– Наши рабочие будут ждать на северной стороне Купола. Когда притащим мешок под свод, они откроют закупоренный туннель, ведущий в грибной сад. Нам нужно быстро наполнить горячим воздухом мешок, тут же открыть в Куполе нишу, чтобы туда протиснулся этот уже раздутый шар, и сразу же уцепиться за тяжи…
– Слишком много «если», – вздохнул Оппант. – Один шанс на тысячу, что удастся выбраться… Даже с сотнями рабочих и панцирников, которых нагонит Итторк. Чем ближе время подходит к пробному пуску, тем меньше мне хочется, чтобы Итторк распоряжался или даже присутствовал!
Дни летели, работа кипела настолько быстро и слаженно, что Оппант иной раз начинал думать, что как это замечательно, когда вся власть в крепких жвалах такого великолепного мыслителя, как Итторк. Все лишнее отброшено в сторону, ценится только работа, исследования, панцирники пригнали на рытье тоннелей или укрепление стен толпы мэлов, копателей, носачей.
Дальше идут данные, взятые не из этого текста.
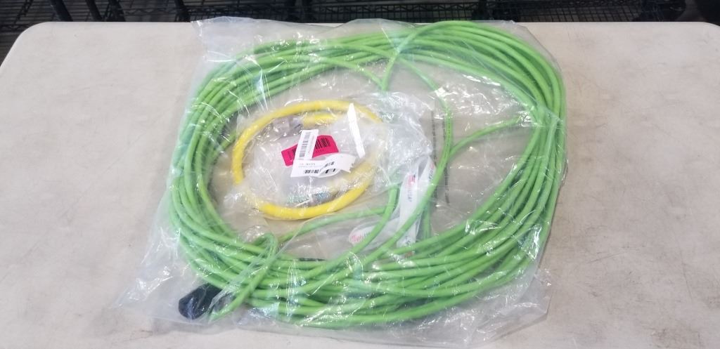 APPROX 100 FEET GREEN AWG 16 EXTENSION CORD AND APPROX 2 FEET YELLOW EXTENSION CORD 10 AWG

Правда, в следующее мгновение становилось стыдно, но все же было приятно от гаденького чувства, что его работа признана самой важной, а часть других исследователей, что вели собственные разработки, сейчас направлены ему в ученики. И никто не шелохнет сяжком протестующе.
Он похолодел, представив себе, что если кто и шелохнет сяжком или выразит недовольство как-то еще, то не зря же за Итторком неотступно ходят два самых могучих панцирника, каких Оппанту только доводилось видеть.
Однажды он заметил, что два панцирника стали сопровождать и его. Всюду, куда он заходил. Раздраженный, спросил Итторка почтительно, но с твердостью в жестах:
– Я хочу знать, что случилось?
– Ты о чем? – быстро спросил Итторк.
– Почему меня вдруг стали сопровождать два панцирника? Я пока не падаю от слабости.
Итторк окинул быстрым взглядом мощное тело молодого терма, и, даже не вслушиваясь в сильный запах могучего организма, заметил:
– Да, слабым тебя никто не назовет. Но два панцирника сопровождают и меня. Разве это плохо? Почетный эскорт!
– Мне не нужен этот почетный эскорт. Я не знаю, чем заслужил такую честь…
Итторк внезапно стал серьезен:
– Оппант, я давно присматриваюсь к тебе. Ты тоже считаешь себя переходной ступенью между девятнадцатым стазом и двадцатым?
Оппант пожал плечами:
– Говорят… Мыслители так говорят. Я не берусь с ними спорить.
– Ты чем сейчас занимаешься?
– Исследованием возможностей Племени… Потенциальными способностями термов к внутренним ограничителям…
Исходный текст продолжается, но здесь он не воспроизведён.